Suppose $a$ and $b$ belong to a group, $a$ has odd order, and $aba^{-1}=b^{-1}$. Show that $b^2=e$.

My Attempt:
Let $\lvert a\rvert=2n+1$, $n\in\Bbb N\cup\{0\}$.
We have $$\begin{align}
b&=(b^{-1})^{-1} \\
&=(aba^{-1})^{-1} \\
&=ab^{-1}a^{-1},
\end{align}$$
so, by induction, $b=a(\underbrace{aba^{-1}}_{=b^{-1}})a^{-1}=\dots =a^{2n}ba^{-2n}$, so that
$$\begin{align}
b&=a^{2n}ba^{-2n} \\
&=a^{2n}(ab^{-1}a^{-1})a^{-2n} \\
&=a^{2n+1}b^{-1}a^{-(2n+1)} \\
&=b^{-1},
\end{align}$$
so $b=b^{-1}$, i.e., $b^2=e$.$\square$

Is the above proof okay? I think it is.
However, I'd be interested to see how properties of Baumslag-Solitar groups could be used here, since $aba^{-1}=b^{-1}$ brings them to mind.
 A: Your proof is fine. Here is an alternative one using a bit more group theory.
Let $G$ denote the subgroup generated by $a$ and $b$. Let $H \cong \mathbb{Z}_n$ be the subgroup of $G$ generated by $b$. Since $aba^{-1}=b^{-1}$, it follows that $H$ is normal $G$. The quotient $G/H$ must be isomorphic to $\mathbb{Z}_m$ for some odd $m$, since the image of $a$ under the map $G \rightarrow G/H$ maps to a generator of $G/H$ and $a$ has odd order.
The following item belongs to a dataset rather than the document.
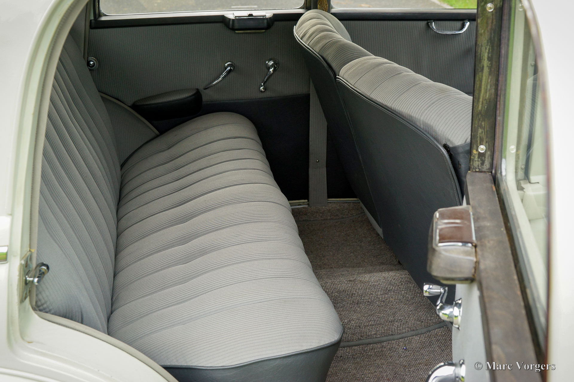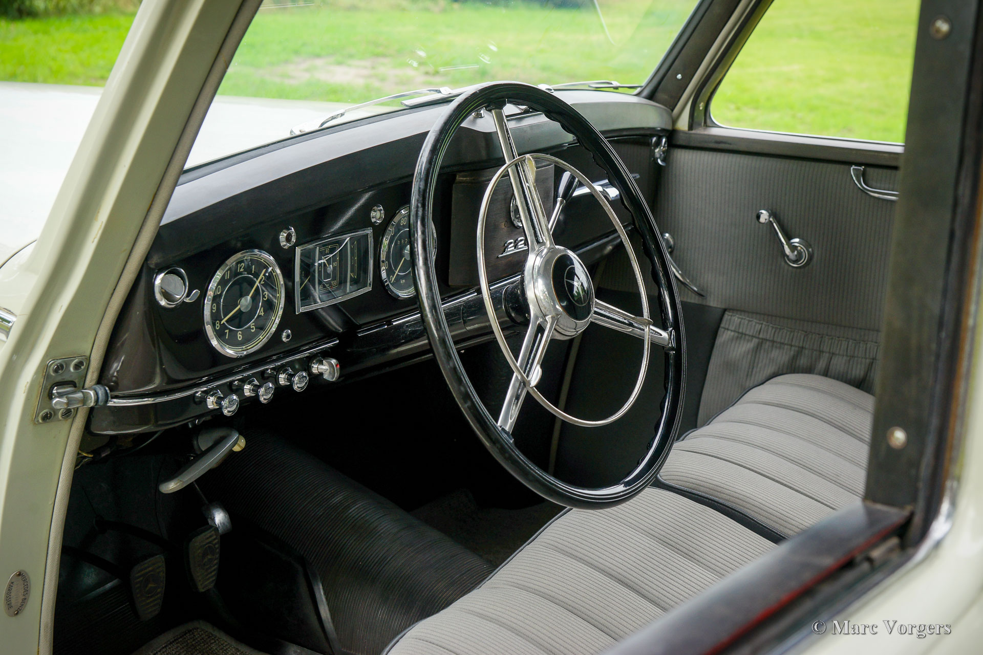 Mercedes-Benz 220 (W187), jaar 1953. Kleur crèmewit gecombineerd met een tweekleurig grijs stoffen/kunstlederen interieur en lichtgrijs tapijt. Deze prachtige Mercedes-Benz 220 is nieuw verkocht in Nederland, de auto is nog voorzien van het originele kenteken PX-15-31. Deze fantastische tijdcapsule verkeert in een zeer goede, zeer mooie, en zeer originele conditie. De automobiel maakte deel uit van een collectie en werd door de jaren heen minutieus onderhouden en door een vakman. De carrosserie is in het verleden voorzien van nieuwe lak in de originele kleur, de motor is in 2016 gereviseerd. In datzelfde jaar is het interieur opnieuw bekleed met de juiste materialen in de correcte kleuren. De zescilinder lijnmotor loopt prachtig en alles werkt feilloos. Deze Mercedes-Benz oogt als een volledig originele klassieker in uitstekend verzorgde staat! De automobiel rijdt heerlijk, deze W187 is een waar pareltje voor de Mercedes-Benz liefhebber/ verzamelaar.

The conjugation action of $a$ on $H$ hence gives rise to a homomorphism
$$  \mathbb{Z}_m \rightarrow \mathrm{Aut}(H): 1 \mapsto \varphi=( b \mapsto aba^{-1}=b^{-1})      $$
Note that $\varphi$ is either trivial or of order two. Since $m\varphi =0$ for $m$ odd, it follows that $\varphi$ is trivial. Hence $b=b^{-1}$, i.e. $b^2=e$.
A: We have
$$\begin{align}
aba^{-1}=b^{-1}&\implies ab=b^{-1}a=x\\
&\implies (ab) \cdot (b^{-1}a)=x^2 \\
&\implies a^2=x^2.
\end{align}$$
Now:
$$\begin{align} x^{2m+1}&= (x^2)^m \cdot x\\ &= (a^2)^m \cdot (ab)\\ &= a^{2m+1}\cdot b\\ &=b.\end{align}$$
and
$$\begin{align} x^{2m+1}=b &\implies (x^{2m+1})^2=b^2 \\ &\implies (x^2)^{2m+1}=b^2 \\ &\implies (a^2)^{2m+1}=b^2 = (a^{2m+1})^2\\ & \implies e=b^2. \end{align}$$